Swedish Junior Strokeplay Championship

Tournament information
- Location: Sweden
- Established: 1977
- Course: Rotating
- Organized by: Swedish Golf Federation
- Tour: Swedish Teen Tour (2001–)
- Format: 72-hole Stroke play
- Month played: July

= Swedish Junior Strokeplay Championship =

The Swedish Junior Strokeplay Championship is a national golf tournament in Sweden for golfers under the age of 22, contested for both men and women.

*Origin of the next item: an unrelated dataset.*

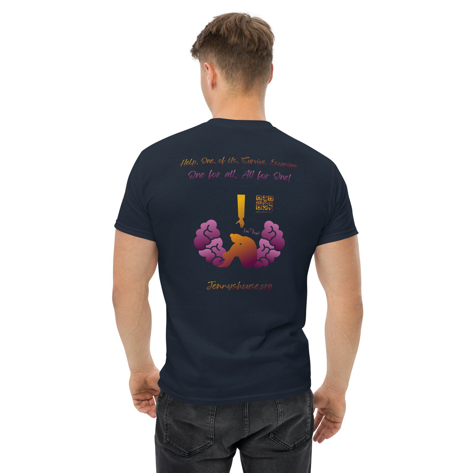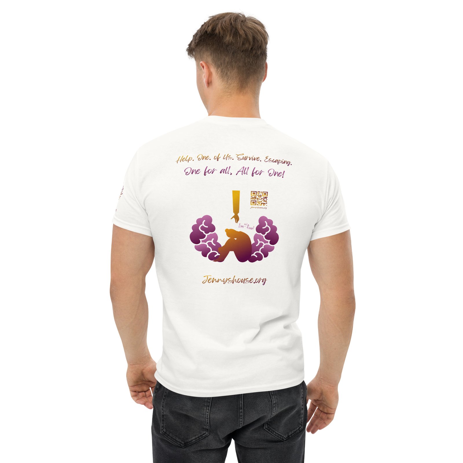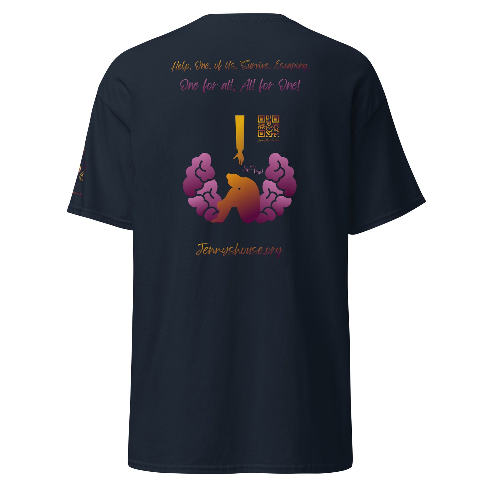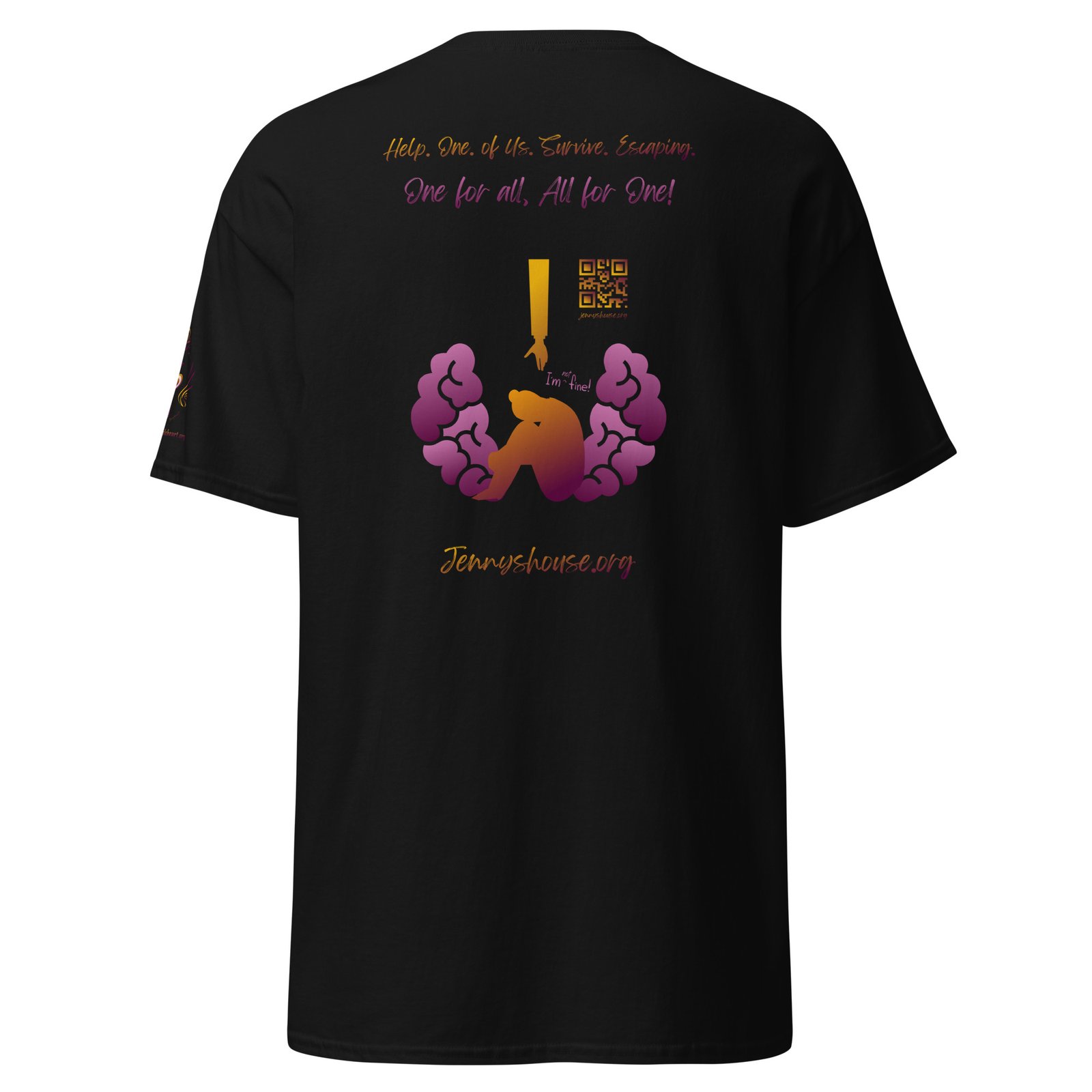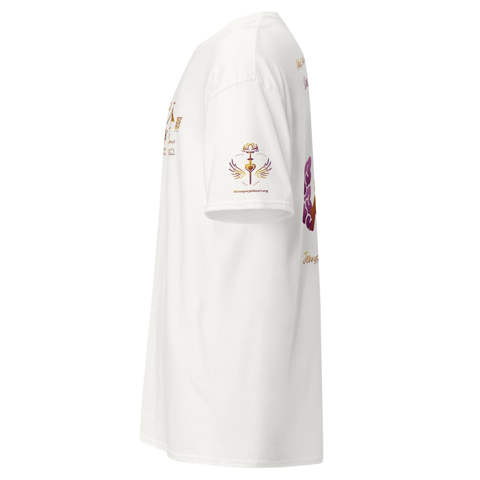 Jenny’s HOUSE heart side print dark gradient, all for one on back and Thrive Purple Heart Crest on Sleeve ✦ Safe for work and school

Known also as the JSM Slag, it has been organized by the Swedish Golf Federation since 1977 when JSM Match, the Swedish Junior Matchplay Championship contested since 1939, switched from match play to stroke play format. Since 2001, both JSM tournaments have been held in parallel.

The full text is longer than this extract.